> Task description
Dropping every picture, set down exactly the lines in the entries below, starting with the line with "Hand Forged Sterling" and going on through the line with "Blown away! That’s".

> Source information
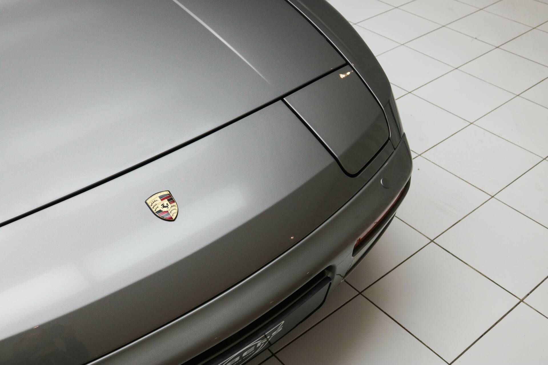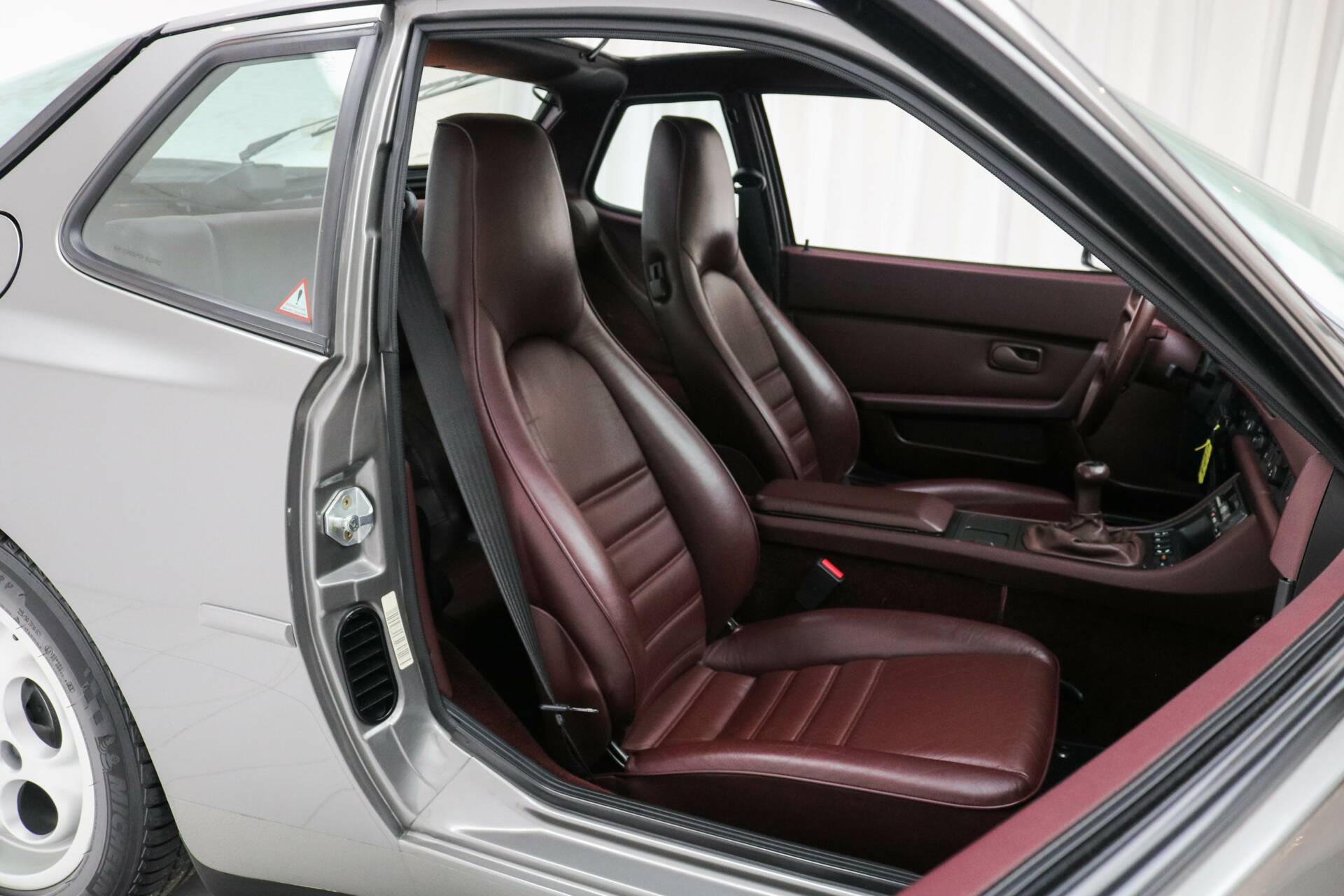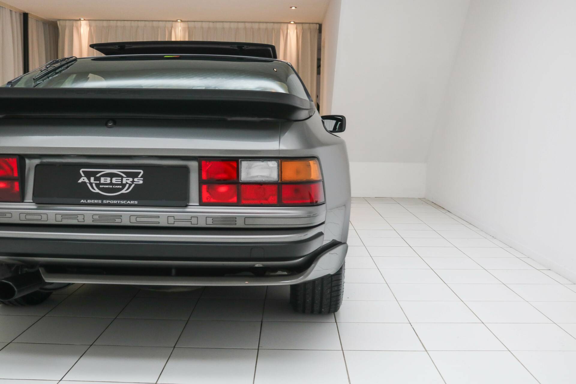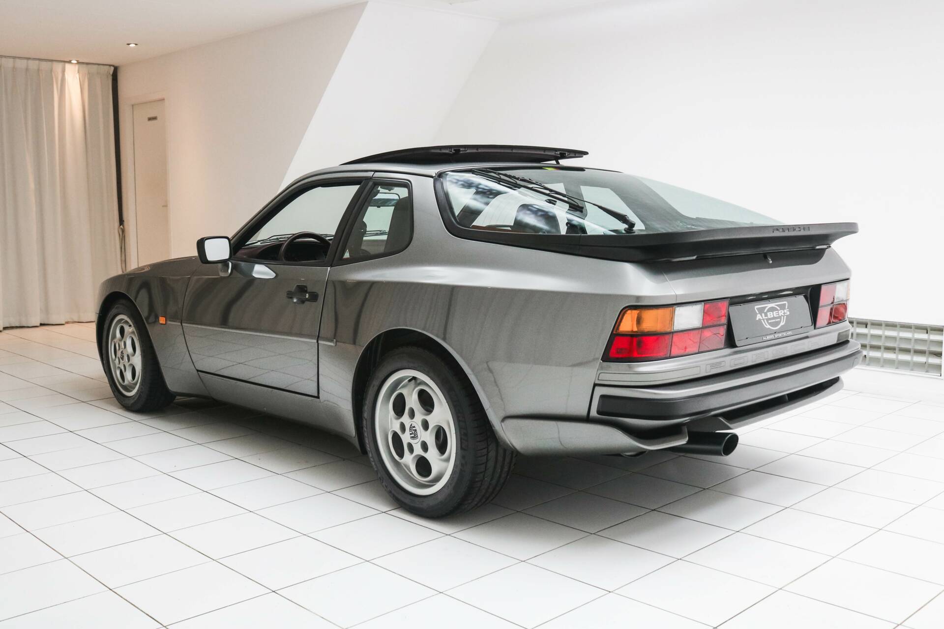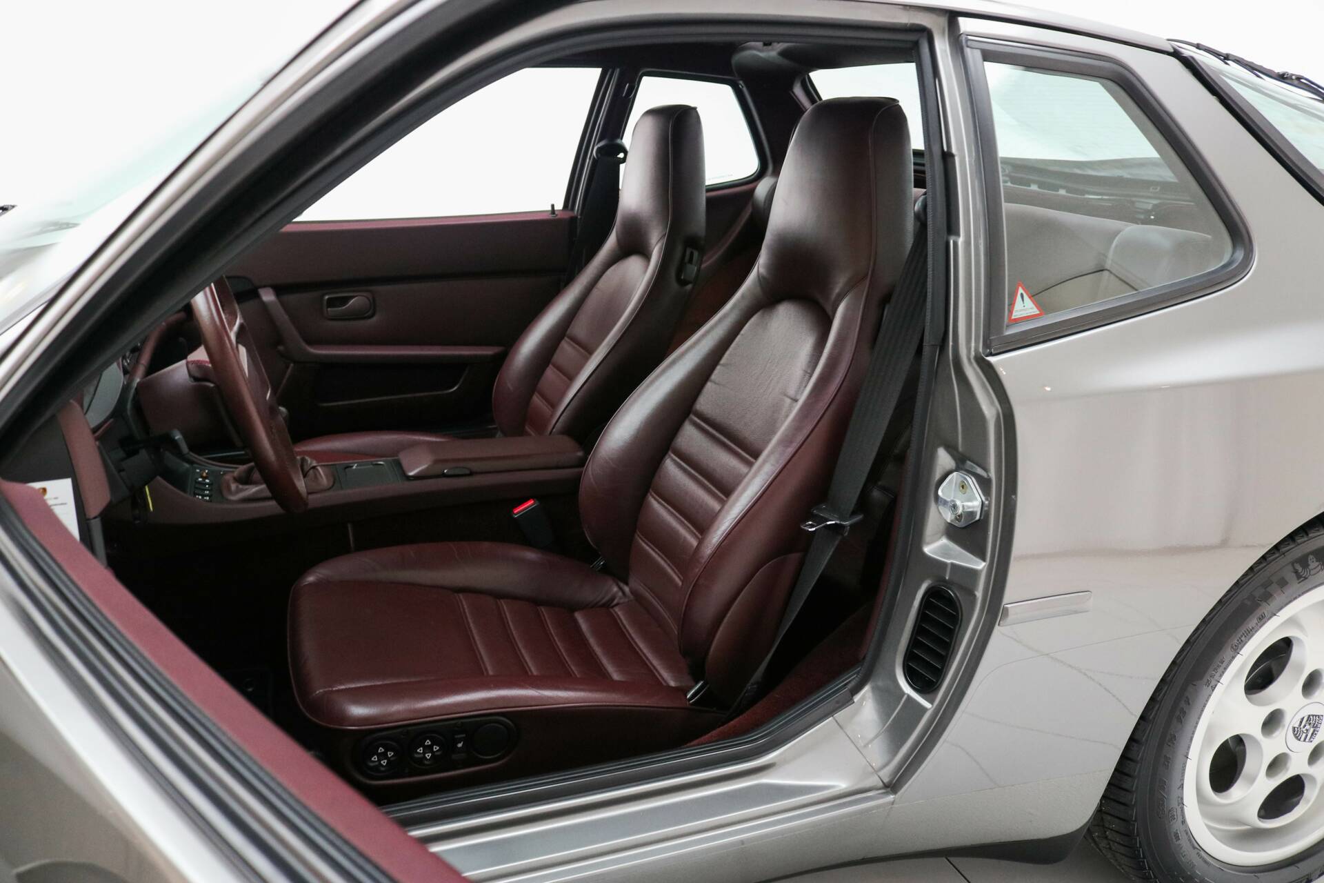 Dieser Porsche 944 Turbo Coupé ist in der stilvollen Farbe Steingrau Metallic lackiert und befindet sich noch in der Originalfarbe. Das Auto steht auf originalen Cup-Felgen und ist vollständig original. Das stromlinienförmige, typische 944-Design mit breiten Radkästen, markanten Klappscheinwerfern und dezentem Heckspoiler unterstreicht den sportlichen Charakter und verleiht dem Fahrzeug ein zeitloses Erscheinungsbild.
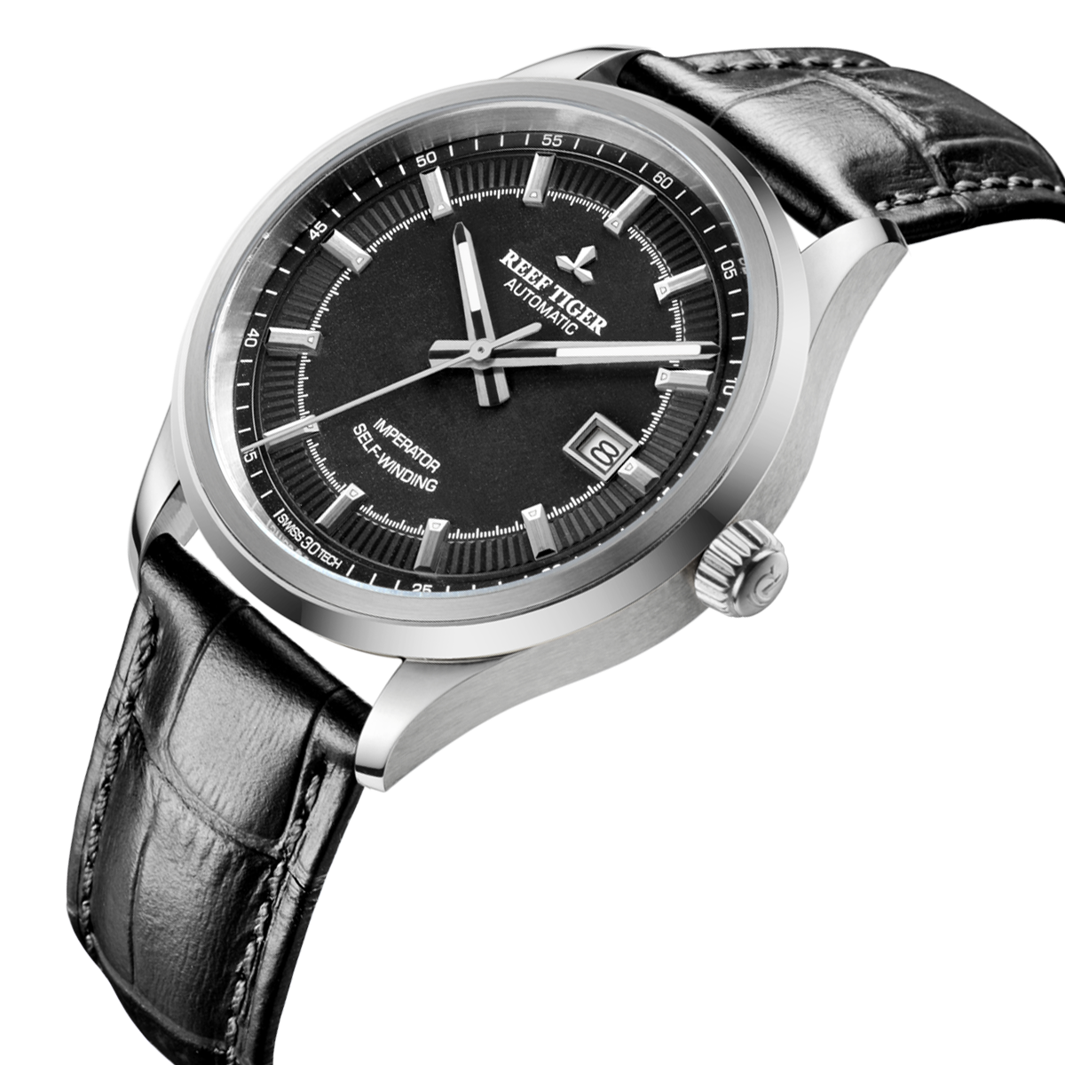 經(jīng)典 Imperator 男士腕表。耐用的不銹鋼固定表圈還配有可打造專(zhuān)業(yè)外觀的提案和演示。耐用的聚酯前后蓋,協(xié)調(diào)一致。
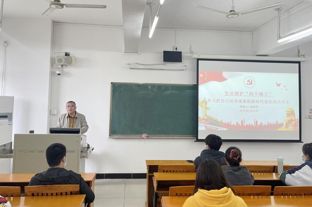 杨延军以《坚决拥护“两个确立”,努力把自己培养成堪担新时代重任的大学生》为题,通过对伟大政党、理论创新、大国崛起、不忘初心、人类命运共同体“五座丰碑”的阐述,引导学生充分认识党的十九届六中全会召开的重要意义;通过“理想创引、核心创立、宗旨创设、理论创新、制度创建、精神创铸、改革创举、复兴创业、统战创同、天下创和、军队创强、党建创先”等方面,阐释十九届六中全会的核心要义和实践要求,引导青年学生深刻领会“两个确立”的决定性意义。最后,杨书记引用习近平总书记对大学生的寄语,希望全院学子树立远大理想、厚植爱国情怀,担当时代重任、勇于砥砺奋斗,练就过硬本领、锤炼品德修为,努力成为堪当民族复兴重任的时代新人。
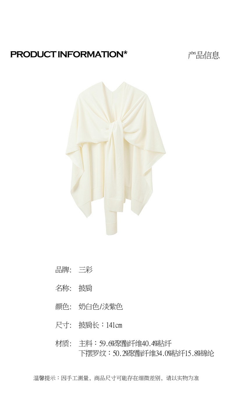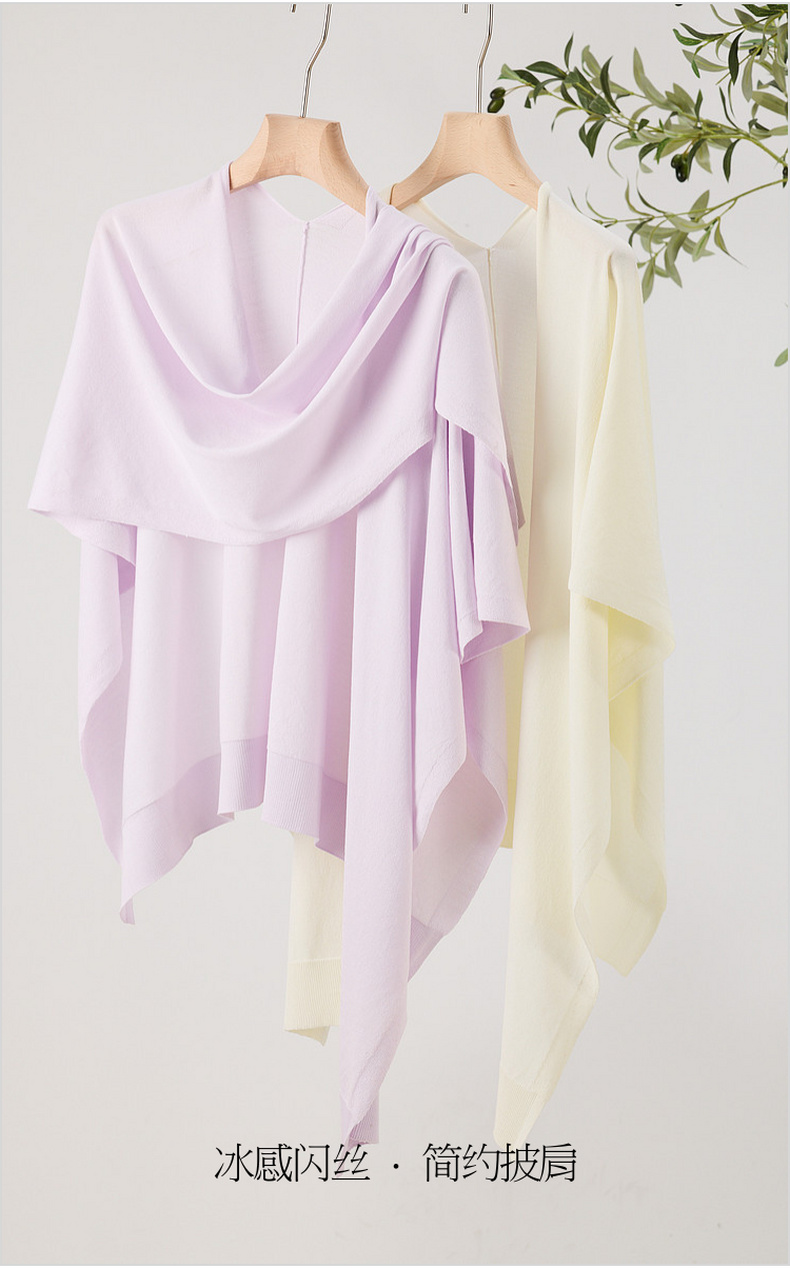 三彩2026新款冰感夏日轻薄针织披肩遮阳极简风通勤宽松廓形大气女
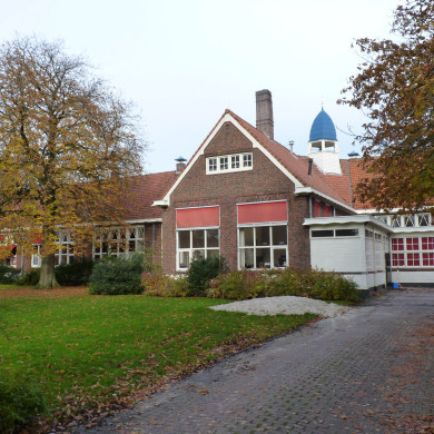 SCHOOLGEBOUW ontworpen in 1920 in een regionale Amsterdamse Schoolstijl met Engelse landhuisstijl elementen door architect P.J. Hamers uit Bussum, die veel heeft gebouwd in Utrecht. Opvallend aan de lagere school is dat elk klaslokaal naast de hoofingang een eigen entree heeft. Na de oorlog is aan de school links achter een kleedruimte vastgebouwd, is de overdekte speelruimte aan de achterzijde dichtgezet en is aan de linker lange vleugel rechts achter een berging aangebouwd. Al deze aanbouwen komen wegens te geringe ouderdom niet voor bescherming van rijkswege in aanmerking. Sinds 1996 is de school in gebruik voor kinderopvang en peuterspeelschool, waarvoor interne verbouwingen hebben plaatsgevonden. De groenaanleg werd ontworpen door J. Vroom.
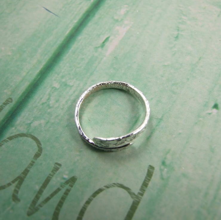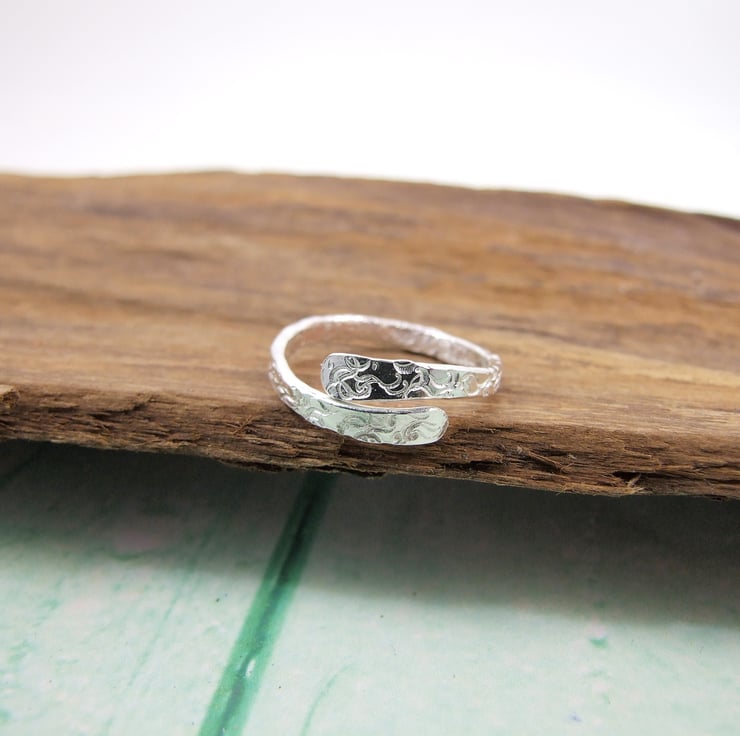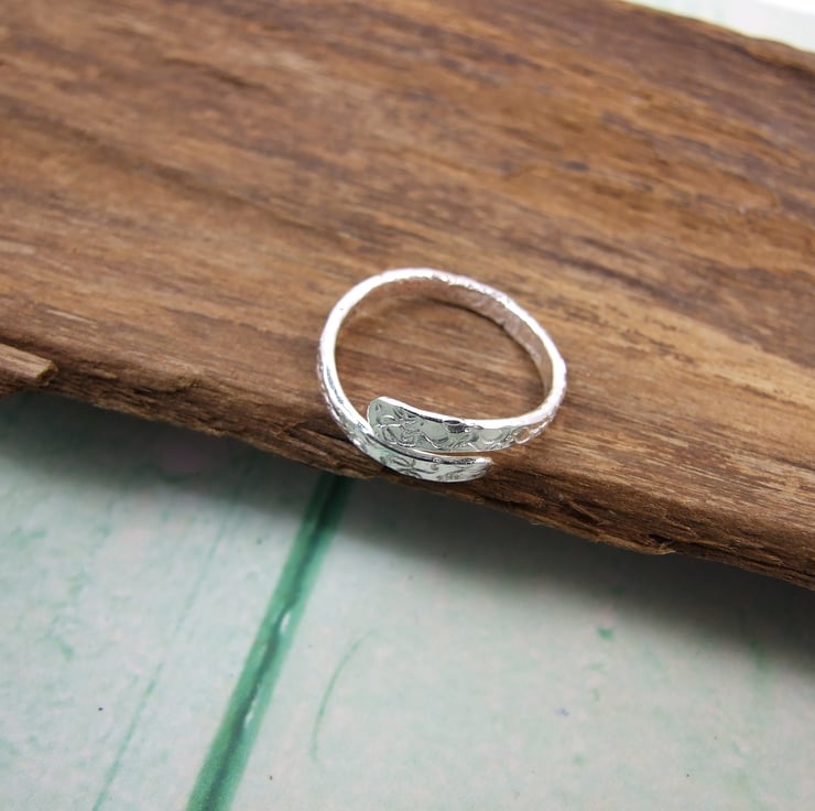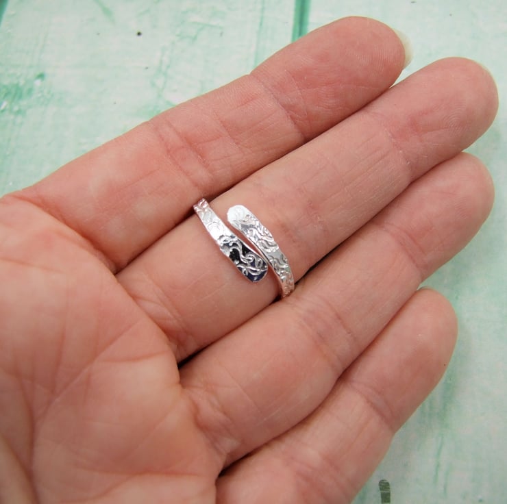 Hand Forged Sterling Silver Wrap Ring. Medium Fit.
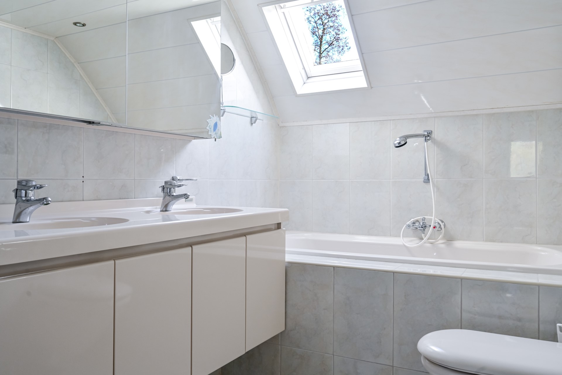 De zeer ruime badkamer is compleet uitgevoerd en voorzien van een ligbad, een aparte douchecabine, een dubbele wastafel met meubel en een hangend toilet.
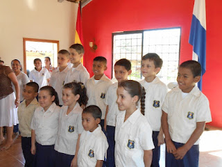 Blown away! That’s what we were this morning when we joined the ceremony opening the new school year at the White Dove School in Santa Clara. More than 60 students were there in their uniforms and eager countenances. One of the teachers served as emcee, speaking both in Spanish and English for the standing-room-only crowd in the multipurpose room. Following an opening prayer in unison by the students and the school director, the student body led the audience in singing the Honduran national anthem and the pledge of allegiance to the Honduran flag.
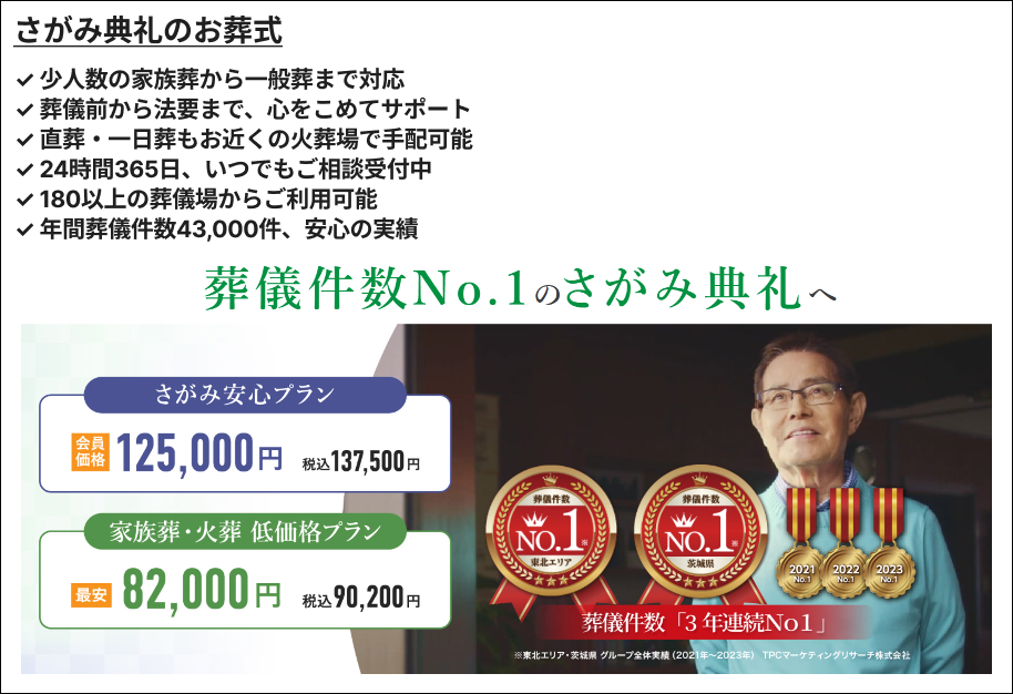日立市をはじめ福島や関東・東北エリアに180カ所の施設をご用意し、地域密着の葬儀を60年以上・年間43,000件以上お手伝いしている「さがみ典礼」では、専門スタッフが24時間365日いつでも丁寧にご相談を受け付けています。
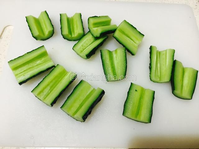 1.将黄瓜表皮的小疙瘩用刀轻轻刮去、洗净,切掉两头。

> Solution
 Hand Forged Sterling Silver Wrap Ring. Medium Fit.
 De zeer ruime badkamer is compleet uitgevoerd en voorzien van een ligbad, een aparte douchecabine, een dubbele wastafel met meubel en een hangend toilet.
 Blown away! That’s what we were this morning when we joined the ceremony opening the new school year at the White Dove School in Santa Clara. More than 60 students were there in their uniforms and eager countenances. One of the teachers served as emcee, speaking both in Spanish and English for the standing-room-only crowd in the multipurpose room. Following an opening prayer in unison by the students and the school director, the student body led the audience in singing the Honduran national anthem and the pledge of allegiance to the Honduran flag.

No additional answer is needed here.